Task requirements ▸ Output the data below exactly, images excluded.

Extracted records ▸

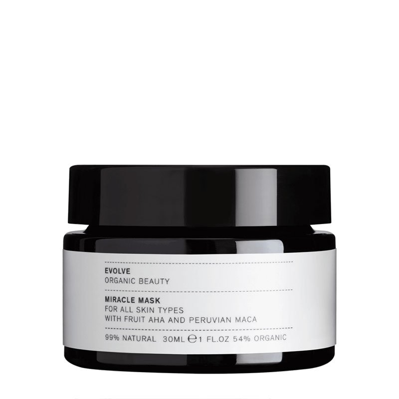 Evolve Beauty 奇跡面膜,含有100%天然果酸,讓肌膚更加光滑。秘魯瑪卡,一種再生能量,有助于刺激細胞更新,提亮肌膚,減少皺紋的出現。木瓜能幫助去除死皮細胞,天然去角質。
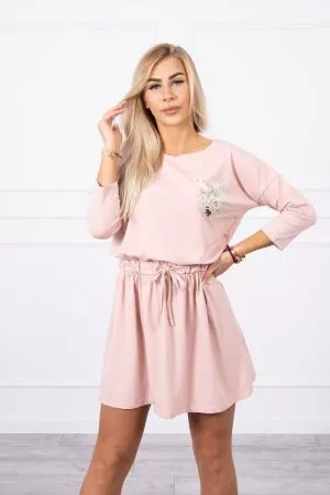 Kieszonka pokryta cekinami. Sukienka posiada wiAzanie w pasie.
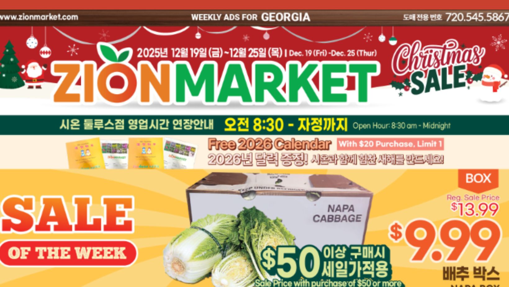 시온마켓은 고객 편의를 위해 오전 8시 30분부터 자정(12시)까지 영업하며 20달러 이상 구매 고객에게는 2026년 탁상용 달력이 무료로 증정되는 특별 이벤트도 함께 마련됐다.
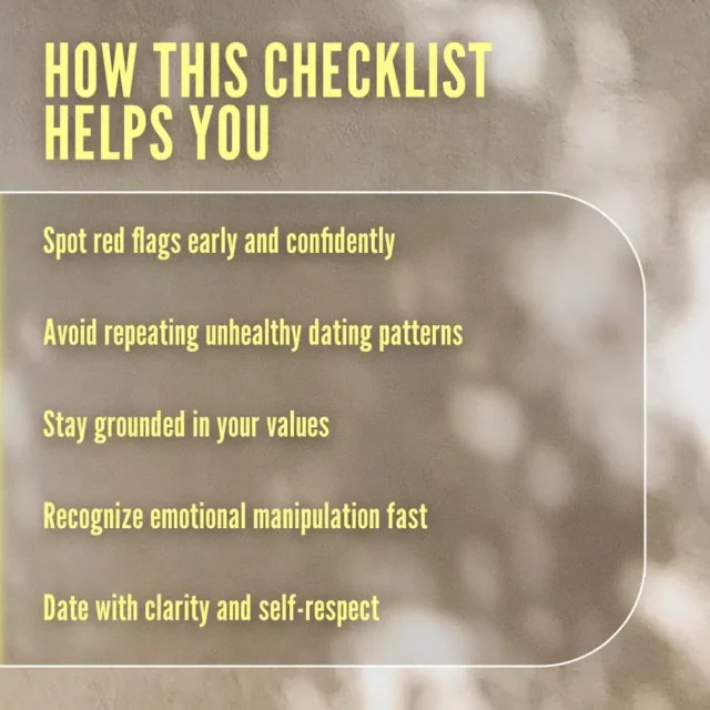 The Mindful Dating Red-Flag Checklist is for anyone navigating modern dating, those recovering from past relationship patterns, and anyone seeking emotionally safe, authentic connections.
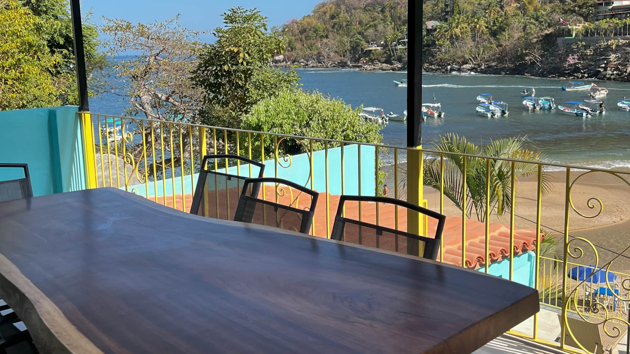 Chicky's Paradise is a two-part rental located in the heart of Boca de Tomatlán, Jalisco, just steps away from the ocean. Boasting breathtaking ocean and mountain views, this two-bedroom villa + studio property has everything you need to spend unmatched quality time by the sea.
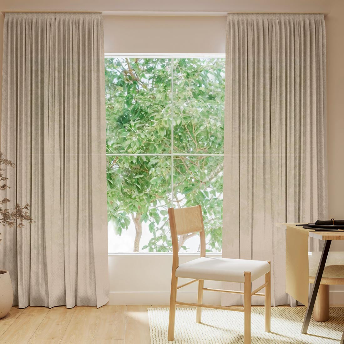 Las cortinas de tela Albarca proporcionan elegancia natural para tu hogar, son ligeras, naturales y con caída suave.
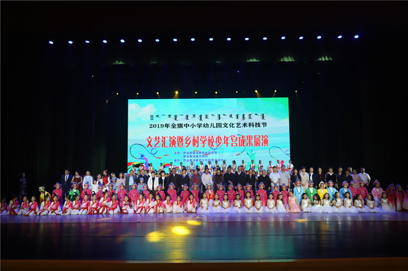 图为全旗中小学幼儿园文化艺术科技节文艺汇演暨乡村学校少年宫运行成果展演晚会
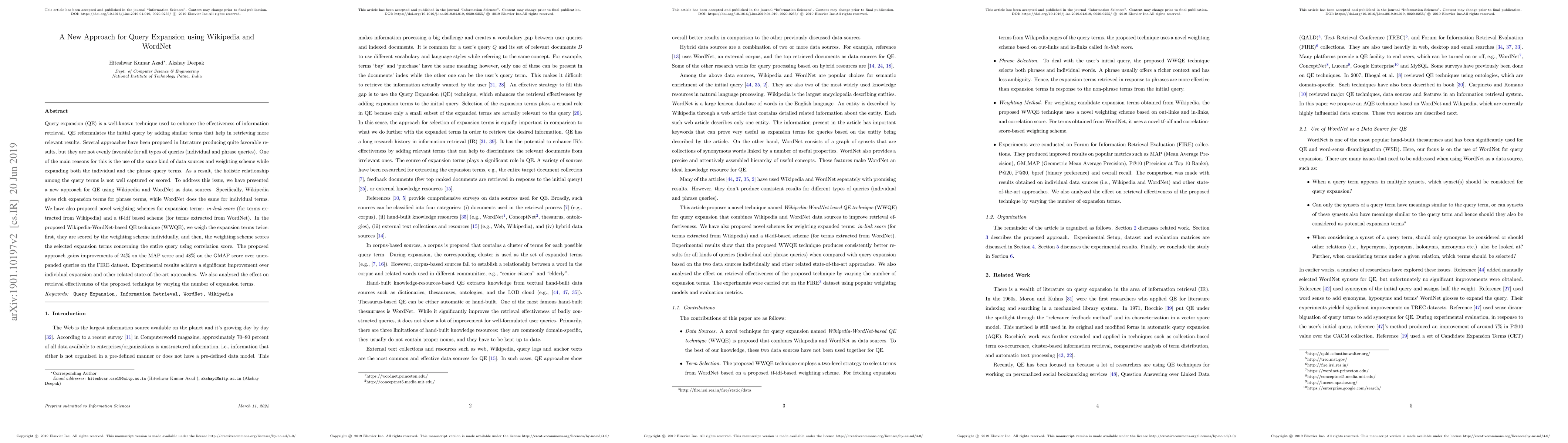 This paper introduces a novel query expansion method using Wikipedia and WordNet to enhance information retrieval. The approach separately utilizes Wikipedia for phrase queries and WordNet for individual terms, employing distinct weighting schemes to better capture query relationships. Experimental results show a 24% improvement in MAP score and a 48% improvement in GMAP score over unexpanded queries.

Answer for the task ▸
 Evolve Beauty 奇跡面膜,含有100%天然果酸,讓肌膚更加光滑。秘魯瑪卡,一種再生能量,有助于刺激細胞更新,提亮肌膚,減少皺紋的出現。木瓜能幫助去除死皮細胞,天然去角質。
 Kieszonka pokryta cekinami. Sukienka posiada wiAzanie w pasie.
 시온마켓은 고객 편의를 위해 오전 8시 30분부터 자정(12시)까지 영업하며 20달러 이상 구매 고객에게는 2026년 탁상용 달력이 무료로 증정되는 특별 이벤트도 함께 마련됐다.
 The Mindful Dating Red-Flag Checklist is for anyone navigating modern dating, those recovering from past relationship patterns, and anyone seeking emotionally safe, authentic connections.
 Chicky's Paradise is a two-part rental located in the heart of Boca de Tomatlán, Jalisco, just steps away from the ocean. Boasting breathtaking ocean and mountain views, this two-bedroom villa + studio property has everything you need to spend unmatched quality time by the sea.
 Las cortinas de tela Albarca proporcionan elegancia natural para tu hogar, son ligeras, naturales y con caída suave.
 图为全旗中小学幼儿园文化艺术科技节文艺汇演暨乡村学校少年宫运行成果展演晚会
 This paper introduces a novel query expansion method using Wikipedia and WordNet to enhance information retrieval. The approach separately utilizes Wikipedia for phrase queries and WordNet for individual terms, employing distinct weighting schemes to better capture query relationships. Experimental results show a 24% improvement in MAP score and a 48% improvement in GMAP score over unexpanded queries.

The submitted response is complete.